* **ACTION ITEM**:
Without altering a single word, repeat the records that follow.

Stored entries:

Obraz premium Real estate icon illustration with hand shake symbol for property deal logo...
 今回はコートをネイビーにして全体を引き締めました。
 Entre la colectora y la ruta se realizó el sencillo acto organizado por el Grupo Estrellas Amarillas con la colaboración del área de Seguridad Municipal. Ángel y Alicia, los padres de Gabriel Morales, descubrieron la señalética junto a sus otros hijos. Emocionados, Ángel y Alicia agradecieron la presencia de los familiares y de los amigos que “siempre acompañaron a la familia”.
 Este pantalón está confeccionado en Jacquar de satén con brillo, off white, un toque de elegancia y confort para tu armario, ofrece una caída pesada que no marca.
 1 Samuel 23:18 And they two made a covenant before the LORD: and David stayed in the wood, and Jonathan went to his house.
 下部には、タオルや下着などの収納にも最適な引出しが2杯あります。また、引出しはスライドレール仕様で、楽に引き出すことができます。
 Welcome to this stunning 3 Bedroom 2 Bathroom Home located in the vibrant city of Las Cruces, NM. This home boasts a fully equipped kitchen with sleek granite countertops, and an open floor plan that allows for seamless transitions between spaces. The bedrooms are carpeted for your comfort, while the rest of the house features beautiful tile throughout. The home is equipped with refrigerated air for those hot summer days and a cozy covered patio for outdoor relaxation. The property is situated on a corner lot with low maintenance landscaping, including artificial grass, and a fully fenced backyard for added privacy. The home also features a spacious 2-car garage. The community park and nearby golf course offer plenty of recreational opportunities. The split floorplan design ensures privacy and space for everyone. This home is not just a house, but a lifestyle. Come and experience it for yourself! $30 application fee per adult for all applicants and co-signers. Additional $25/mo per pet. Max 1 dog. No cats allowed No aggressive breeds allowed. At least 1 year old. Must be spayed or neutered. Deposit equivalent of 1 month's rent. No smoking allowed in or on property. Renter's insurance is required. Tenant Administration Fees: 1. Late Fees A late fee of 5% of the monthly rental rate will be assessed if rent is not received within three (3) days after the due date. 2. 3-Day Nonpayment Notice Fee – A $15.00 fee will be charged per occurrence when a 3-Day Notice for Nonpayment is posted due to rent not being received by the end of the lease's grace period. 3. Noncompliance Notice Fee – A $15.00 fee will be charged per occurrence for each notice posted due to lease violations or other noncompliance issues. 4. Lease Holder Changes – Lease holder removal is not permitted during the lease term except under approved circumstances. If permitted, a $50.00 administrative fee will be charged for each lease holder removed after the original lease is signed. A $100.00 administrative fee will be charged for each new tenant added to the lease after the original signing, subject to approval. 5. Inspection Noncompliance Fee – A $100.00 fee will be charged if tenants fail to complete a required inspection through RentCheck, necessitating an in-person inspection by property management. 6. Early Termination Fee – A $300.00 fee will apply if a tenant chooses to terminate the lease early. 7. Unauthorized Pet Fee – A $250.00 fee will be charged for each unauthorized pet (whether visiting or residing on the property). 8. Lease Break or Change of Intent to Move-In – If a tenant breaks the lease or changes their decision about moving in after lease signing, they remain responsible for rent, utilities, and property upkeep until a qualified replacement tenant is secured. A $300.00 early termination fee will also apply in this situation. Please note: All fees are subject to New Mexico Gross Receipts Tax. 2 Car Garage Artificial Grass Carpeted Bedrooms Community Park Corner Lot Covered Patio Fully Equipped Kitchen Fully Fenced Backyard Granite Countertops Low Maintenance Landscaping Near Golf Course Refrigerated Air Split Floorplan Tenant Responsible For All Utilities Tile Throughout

* **SOLUTION**:
Obraz premium Real estate icon illustration with hand shake symbol for property deal logo...
 今回はコートをネイビーにして全体を引き締めました。
 Entre la colectora y la ruta se realizó el sencillo acto organizado por el Grupo Estrellas Amarillas con la colaboración del área de Seguridad Municipal. Ángel y Alicia, los padres de Gabriel Morales, descubrieron la señalética junto a sus otros hijos. Emocionados, Ángel y Alicia agradecieron la presencia de los familiares y de los amigos que “siempre acompañaron a la familia”.
 Este pantalón está confeccionado en Jacquar de satén con brillo, off white, un toque de elegancia y confort para tu armario, ofrece una caída pesada que no marca.
 1 Samuel 23:18 And they two made a covenant before the LORD: and David stayed in the wood, and Jonathan went to his house.
 下部には、タオルや下着などの収納にも最適な引出しが2杯あります。また、引出しはスライドレール仕様で、楽に引き出すことができます。
 Welcome to this stunning 3 Bedroom 2 Bathroom Home located in the vibrant city of Las Cruces, NM. This home boasts a fully equipped kitchen with sleek granite countertops, and an open floor plan that allows for seamless transitions between spaces. The bedrooms are carpeted for your comfort, while the rest of the house features beautiful tile throughout. The home is equipped with refrigerated air for those hot summer days and a cozy covered patio for outdoor relaxation. The property is situated on a corner lot with low maintenance landscaping, including artificial grass, and a fully fenced backyard for added privacy. The home also features a spacious 2-car garage. The community park and nearby golf course offer plenty of recreational opportunities. The split floorplan design ensures privacy and space for everyone. This home is not just a house, but a lifestyle. Come and experience it for yourself! $30 application fee per adult for all applicants and co-signers. Additional $25/mo per pet. Max 1 dog. No cats allowed No aggressive breeds allowed. At least 1 year old. Must be spayed or neutered. Deposit equivalent of 1 month's rent. No smoking allowed in or on property. Renter's insurance is required. Tenant Administration Fees: 1. Late Fees A late fee of 5% of the monthly rental rate will be assessed if rent is not received within three (3) days after the due date. 2. 3-Day Nonpayment Notice Fee – A $15.00 fee will be charged per occurrence when a 3-Day Notice for Nonpayment is posted due to rent not being received by the end of the lease's grace period. 3. Noncompliance Notice Fee – A $15.00 fee will be charged per occurrence for each notice posted due to lease violations or other noncompliance issues. 4. Lease Holder Changes – Lease holder removal is not permitted during the lease term except under approved circumstances. If permitted, a $50.00 administrative fee will be charged for each lease holder removed after the original lease is signed. A $100.00 administrative fee will be charged for each new tenant added to the lease after the original signing, subject to approval. 5. Inspection Noncompliance Fee – A $100.00 fee will be charged if tenants fail to complete a required inspection through RentCheck, necessitating an in-person inspection by property management. 6. Early Termination Fee – A $300.00 fee will apply if a tenant chooses to terminate the lease early. 7. Unauthorized Pet Fee – A $250.00 fee will be charged for each unauthorized pet (whether visiting or residing on the property). 8. Lease Break or Change of Intent to Move-In – If a tenant breaks the lease or changes their decision about moving in after lease signing, they remain responsible for rent, utilities, and property upkeep until a qualified replacement tenant is secured. A $300.00 early termination fee will also apply in this situation. Please note: All fees are subject to New Mexico Gross Receipts Tax. 2 Car Garage Artificial Grass Carpeted Bedrooms Community Park Corner Lot Covered Patio Fully Equipped Kitchen Fully Fenced Backyard Granite Countertops Low Maintenance Landscaping Near Golf Course Refrigerated Air Split Floorplan Tenant Responsible For All Utilities Tile Throughout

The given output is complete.